Science and reason have many conflicting views. With philosophers giving precedence to reason, and scientists giving precedence to empiricism. Scientific hypotheses and theories can be tested, but they are based on invalid confirmatory syllogism. Scientist need to publish articles to be competitive, but that means they and their colleagues value quantity over quality. More and more papers are being published without rigorous checking for errors, or searching for alternative explanations. Many scientists who are supposed to be independent fact checkers, are usually under the influence of a profit motivated corporation or themselves have motives other than efficacy research.
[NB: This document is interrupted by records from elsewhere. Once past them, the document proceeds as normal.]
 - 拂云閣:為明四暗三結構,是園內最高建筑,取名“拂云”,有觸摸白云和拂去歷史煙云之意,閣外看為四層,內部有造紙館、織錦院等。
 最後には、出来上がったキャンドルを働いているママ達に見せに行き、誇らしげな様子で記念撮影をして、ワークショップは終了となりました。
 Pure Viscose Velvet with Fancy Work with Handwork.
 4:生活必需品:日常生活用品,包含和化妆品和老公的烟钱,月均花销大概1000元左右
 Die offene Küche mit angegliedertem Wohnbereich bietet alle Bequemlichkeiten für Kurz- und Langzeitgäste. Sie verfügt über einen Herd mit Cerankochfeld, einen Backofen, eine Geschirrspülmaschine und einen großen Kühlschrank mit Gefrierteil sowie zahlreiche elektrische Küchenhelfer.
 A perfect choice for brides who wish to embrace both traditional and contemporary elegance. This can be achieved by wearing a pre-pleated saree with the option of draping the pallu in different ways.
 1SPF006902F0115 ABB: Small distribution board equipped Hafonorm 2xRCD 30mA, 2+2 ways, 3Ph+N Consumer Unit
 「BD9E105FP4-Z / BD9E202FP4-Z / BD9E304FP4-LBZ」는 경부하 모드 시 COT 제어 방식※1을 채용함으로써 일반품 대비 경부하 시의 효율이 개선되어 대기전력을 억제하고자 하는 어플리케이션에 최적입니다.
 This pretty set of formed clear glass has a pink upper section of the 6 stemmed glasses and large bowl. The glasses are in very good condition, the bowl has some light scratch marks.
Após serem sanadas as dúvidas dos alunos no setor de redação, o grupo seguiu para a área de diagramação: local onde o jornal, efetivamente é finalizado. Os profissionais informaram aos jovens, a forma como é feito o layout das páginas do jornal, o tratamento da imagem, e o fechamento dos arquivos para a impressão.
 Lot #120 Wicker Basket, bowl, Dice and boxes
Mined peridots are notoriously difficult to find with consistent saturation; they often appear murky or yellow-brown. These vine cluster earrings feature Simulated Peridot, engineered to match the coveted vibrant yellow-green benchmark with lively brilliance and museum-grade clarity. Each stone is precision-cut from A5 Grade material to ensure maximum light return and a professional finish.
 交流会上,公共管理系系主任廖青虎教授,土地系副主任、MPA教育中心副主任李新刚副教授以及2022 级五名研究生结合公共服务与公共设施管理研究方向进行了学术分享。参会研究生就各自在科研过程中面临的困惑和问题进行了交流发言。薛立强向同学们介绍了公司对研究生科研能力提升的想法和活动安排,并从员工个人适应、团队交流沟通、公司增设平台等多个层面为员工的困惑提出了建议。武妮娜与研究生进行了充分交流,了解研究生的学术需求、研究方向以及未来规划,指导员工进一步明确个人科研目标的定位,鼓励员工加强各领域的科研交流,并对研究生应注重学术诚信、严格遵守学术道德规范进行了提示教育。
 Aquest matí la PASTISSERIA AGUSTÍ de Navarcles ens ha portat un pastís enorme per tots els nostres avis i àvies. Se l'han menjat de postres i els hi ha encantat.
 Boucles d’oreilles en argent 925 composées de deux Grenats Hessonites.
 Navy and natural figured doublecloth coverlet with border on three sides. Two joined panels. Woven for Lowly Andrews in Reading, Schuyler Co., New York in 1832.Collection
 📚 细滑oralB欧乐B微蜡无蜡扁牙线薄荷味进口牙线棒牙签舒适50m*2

Making the research even more precarious is the impact of minor differences, as minute differences in initial condition can have vastly altered consequences. Another problem with research is that it needs to be replicated, but replication is discouraged. The claims being made about discoveries are usually dramatized. Rather than finding a potential pattern or cause, they become seen the explanation for the pattern or cause.
The media is meant to provide a check on claims of politicians, corporations, and others. The problem is that the media cannot be completely trusted. They cannot report on all stories and facts, and usually filter the stories they select through an ideological background. Framing issues to suit their audience. With many articles being deleted that did not support their advertiser’s ideology. As many decisions are not made public, the media has limited access to information. Even if information could be obtained, media personnel are lazy with limited resources while pressed by deadlines, causing them not to do proper investigations. Focusing on easily explainable stories than those that take time.
The internet provides sites based on individual view history, which means that the viewer gets more of the same information. Misinformation goes uncorrected as contradictory evidence is ignored. People also become resistant to easily refutable attacks on their knowledge, but this causes them to withstand better evidence, which causes them not to be persuaded to further appropriate evidence. In such a way, many conspiracies that had initially weak evidence, were refuted but were actually correct. History books provide information that comes from authors efforts in obtaining supporting documentation. The problem is that the chronicles of history can be inaccurate.
A problem with the book is that it is not always gentle about explaining the limitations to knowledge. In many cases, strongly held beliefs are attacked vigorously. The author acknowledges that the people who hold such beliefs are not likely to continue reading the book. This makes it appear that the book is written as validation for those who already agree with skepticism than for those who would like to consider learning and trying out skepticism. The book contains many examples, usually to support the claims being made. The problem with so many examples is that the general skeptical understanding can be lost in the details.